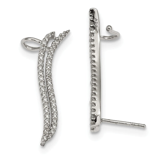925 Sterling Silver Rhodium-plated Cubic Zirconia ( CZ ) 1 Ear Climber & 1 Stud Earrings, 32mm x 5.04mm
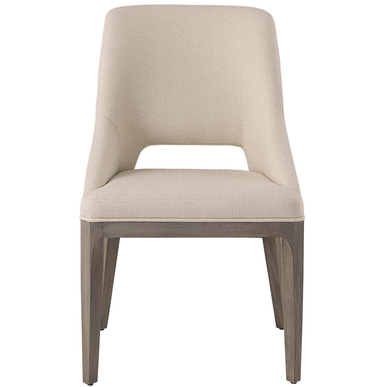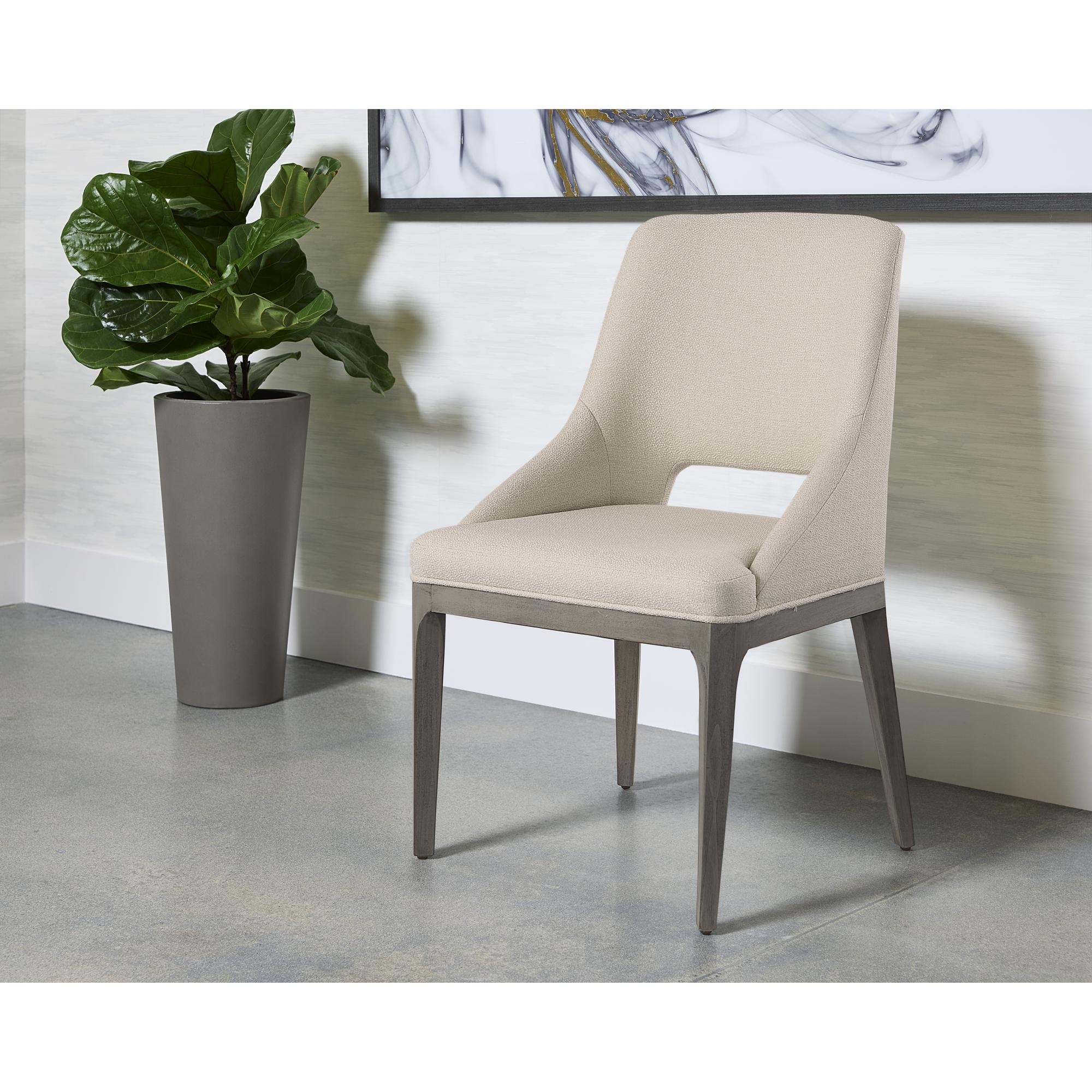 Dine in style and comfort in this fabulous dining chair that features a tasteful cutout in the seatback. Completed with mainz cream fabric upholstery and features solid poplar wood legs in a light grey oak finish. Also available in naya check light grey fabric. As wood is an organic, porous material, these pieces will contain natural variation of texture and may also exhibit fine indentations and cracks. Wood pieces will also display a disparity of colour and grain, and visible knots and burls that add to the character of each piece.
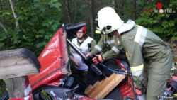 Das RLFA 2000 Hohentauern sicherte den zweiten PKW mittels Greifzug, stellte den Brandschutz sicher und begann dann unverzüglich mit der Menschenrettung. In Absprache mit den inneren Retter wurden das Dach und die Beifahrertüre entfernt. Danach konnten beide Personen schonend aus dem Fahrzeug gerettet und dem Roten Kreuz zur weiteren Versorgung übergeben werden.

## WHAT THIS TASK INVOLVES
Transcribe all of the data above exactly; no picture belongs in the copy.

## RESULT BELOW
925 Sterling Silver Rhodium-plated Cubic Zirconia ( CZ ) 1 Ear Climber & 1 Stud Earrings, 32mm x 5.04mm
 Dine in style and comfort in this fabulous dining chair that features a tasteful cutout in the seatback. Completed with mainz cream fabric upholstery and features solid poplar wood legs in a light grey oak finish. Also available in naya check light grey fabric. As wood is an organic, porous material, these pieces will contain natural variation of texture and may also exhibit fine indentations and cracks. Wood pieces will also display a disparity of colour and grain, and visible knots and burls that add to the character of each piece.
 Das RLFA 2000 Hohentauern sicherte den zweiten PKW mittels Greifzug, stellte den Brandschutz sicher und begann dann unverzüglich mit der Menschenrettung. In Absprache mit den inneren Retter wurden das Dach und die Beifahrertüre entfernt. Danach konnten beide Personen schonend aus dem Fahrzeug gerettet und dem Roten Kreuz zur weiteren Versorgung übergeben werden.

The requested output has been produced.